I recently learnt that regardless of number of Data Centers, there is really only one token ring across all nodes. (I was under the impression that there is one per DC like how Datastax Ops Center would show it).

Suppose we have 4 v-nodes, and 2 DCs (2 nodes in each DC) and a key space is set to replicate in only one DC - say DC1.

Now, if the token for a particular write falls in the "primary range" of a node living in DC2, does the code check for such conditions and instead put it on some node in DC1 ? What is the true meaning of "primary" token range in such scenarios ?

Is this how things works roughly speaking or am I missing something ?

Thanks !

Re: Token Ring Question

Posted by Tyler Hobbs <ty...@datastax.com>.

On Fri, Jun 24, 2016 at 2:31 PM, Anubhav Kale <An...@microsoft.com>
wrote:

> So, can someone educate me on how token aware policies in drivers really
> work ? It appears that it’s quite possible that the data may live on nodes
> that don’t own the tokens for it. By “own” I mean the ownership as defined
> in system.local / peers and is fed back to drivers.
>

The tokens in system.local/peers are accurate.  Combined with the
replication settings for a keyspace, drivers can accurately determine which
nodes are replicas for a given partition.

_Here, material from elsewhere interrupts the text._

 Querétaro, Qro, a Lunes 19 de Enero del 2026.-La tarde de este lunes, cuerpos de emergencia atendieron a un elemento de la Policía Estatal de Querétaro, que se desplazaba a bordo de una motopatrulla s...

Even if the driver's calculation is incorrect for some reason, token-aware
routing is just an optimization.  Nothing will break if a query is sent to
a node that's not a replica.

-- 
Tyler Hobbs
DataStax <http://datastax.com/>

Re: Token Ring Question

Posted by Bulat Shakirzyanov <bu...@datastax.com>.

Drivers actually reconstruct the token ring using information about keyspace's replication settings as well as token ranges assigned to each node.
Whenever you prepare a statement that is parameterized by partition key, the driver finds the token by first converting the key to a byte array and running it through the hash function (partitioner) you've configured when setting up the cluster. This token lets the driver find replicas (nodes owning the data), note that the actual replicas will be different based on replication settings of a given keyspace. Once the replicas are found, they are either randomized or not, depends on your token aware policy configuration, and the request is delivered to those nodes first.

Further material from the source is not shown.